EXERCISE DESCRIPTION –
For this exercise, repeat exactly the lines below starting at the line holding "En las proyecciones" and ending at the line holding "A Polish soldier", both included, with no extra lines and no pictures.

MATERIAL FOR THIS EXERCISE –
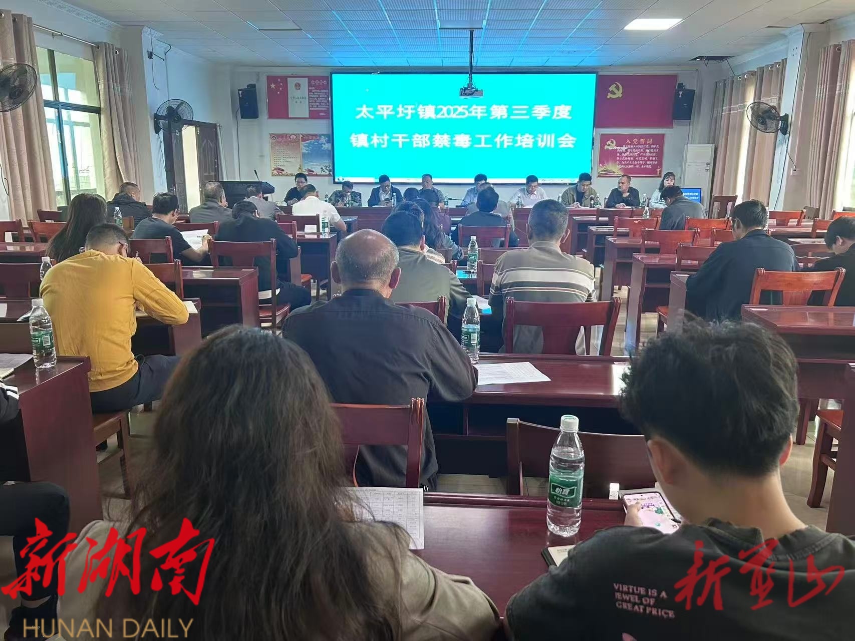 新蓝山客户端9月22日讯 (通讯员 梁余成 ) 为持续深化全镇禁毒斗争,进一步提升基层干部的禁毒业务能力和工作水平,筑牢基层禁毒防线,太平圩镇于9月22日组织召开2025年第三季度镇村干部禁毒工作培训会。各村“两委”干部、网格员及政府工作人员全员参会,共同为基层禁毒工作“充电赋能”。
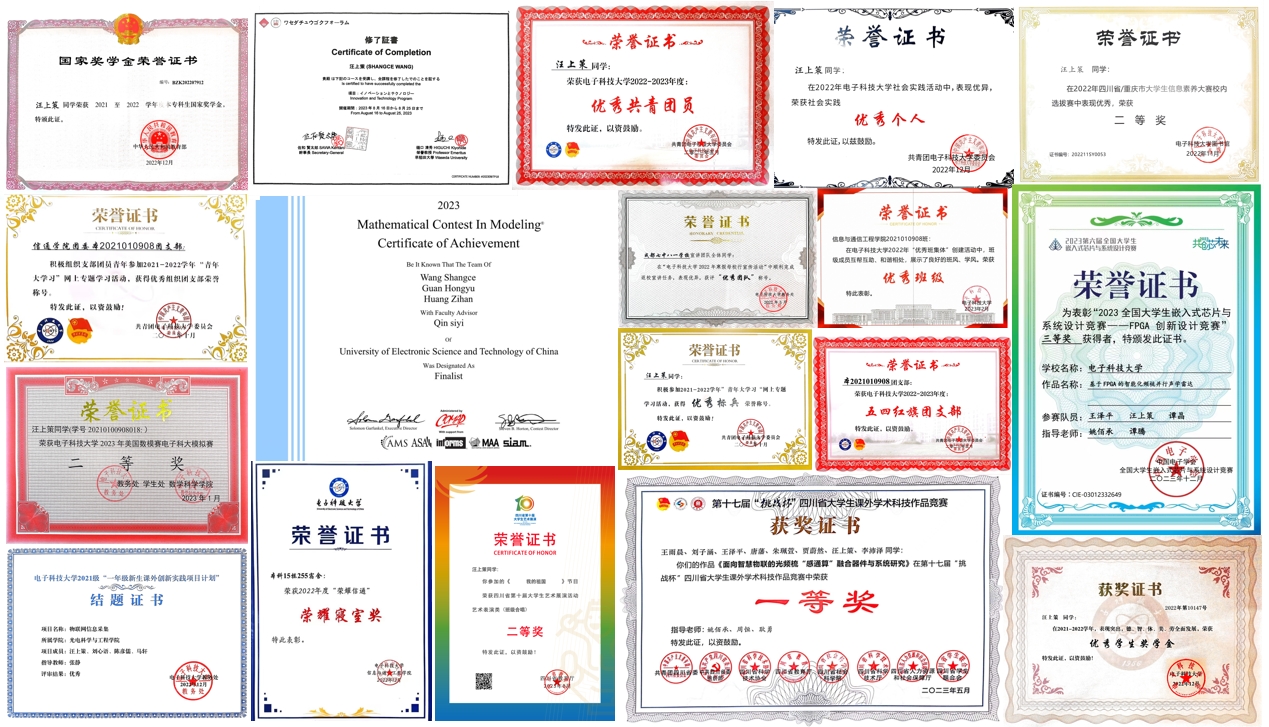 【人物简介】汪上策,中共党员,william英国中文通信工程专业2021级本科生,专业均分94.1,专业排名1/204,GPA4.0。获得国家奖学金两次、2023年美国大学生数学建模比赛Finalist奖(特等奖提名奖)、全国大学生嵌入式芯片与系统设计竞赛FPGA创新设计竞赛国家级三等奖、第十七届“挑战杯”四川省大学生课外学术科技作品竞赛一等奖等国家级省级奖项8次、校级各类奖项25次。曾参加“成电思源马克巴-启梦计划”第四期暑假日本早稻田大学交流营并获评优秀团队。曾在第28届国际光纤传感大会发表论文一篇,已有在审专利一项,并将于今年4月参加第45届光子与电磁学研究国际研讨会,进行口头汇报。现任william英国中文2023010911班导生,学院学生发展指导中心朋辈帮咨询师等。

* * *

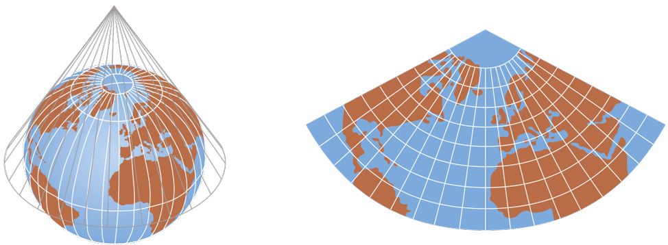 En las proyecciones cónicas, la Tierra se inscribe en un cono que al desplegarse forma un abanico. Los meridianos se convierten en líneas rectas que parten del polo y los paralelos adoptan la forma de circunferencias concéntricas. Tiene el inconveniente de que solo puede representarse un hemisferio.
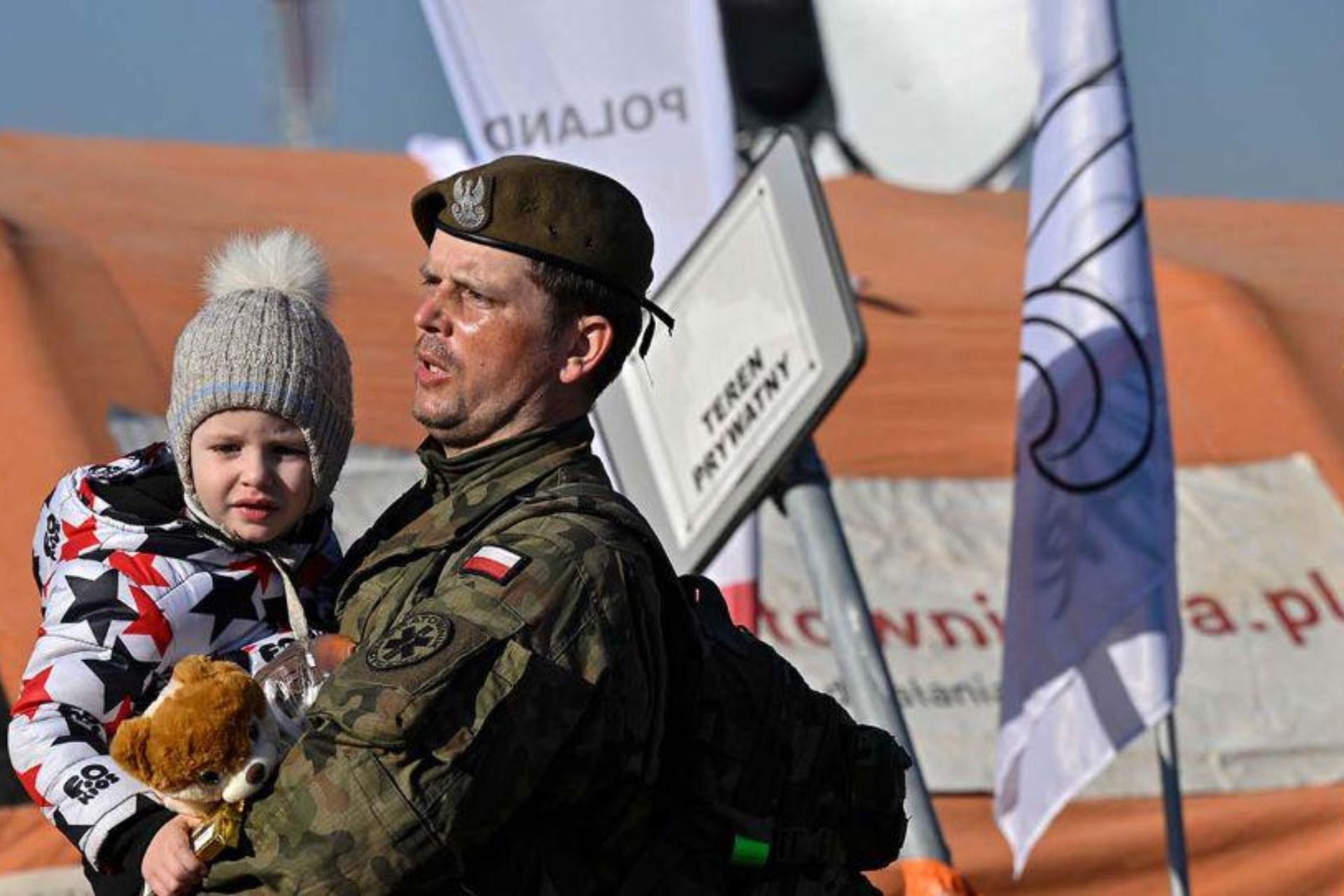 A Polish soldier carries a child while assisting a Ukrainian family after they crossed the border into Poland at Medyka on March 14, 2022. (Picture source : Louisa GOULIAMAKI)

PROBLEM SOLUTION –
 En las proyecciones cónicas, la Tierra se inscribe en un cono que al desplegarse forma un abanico. Los meridianos se convierten en líneas rectas que parten del polo y los paralelos adoptan la forma de circunferencias concéntricas. Tiene el inconveniente de que solo puede representarse un hemisferio.
 A Polish soldier carries a child while assisting a Ukrainian family after they crossed the border into Poland at Medyka on March 14, 2022. (Picture source : Louisa GOULIAMAKI)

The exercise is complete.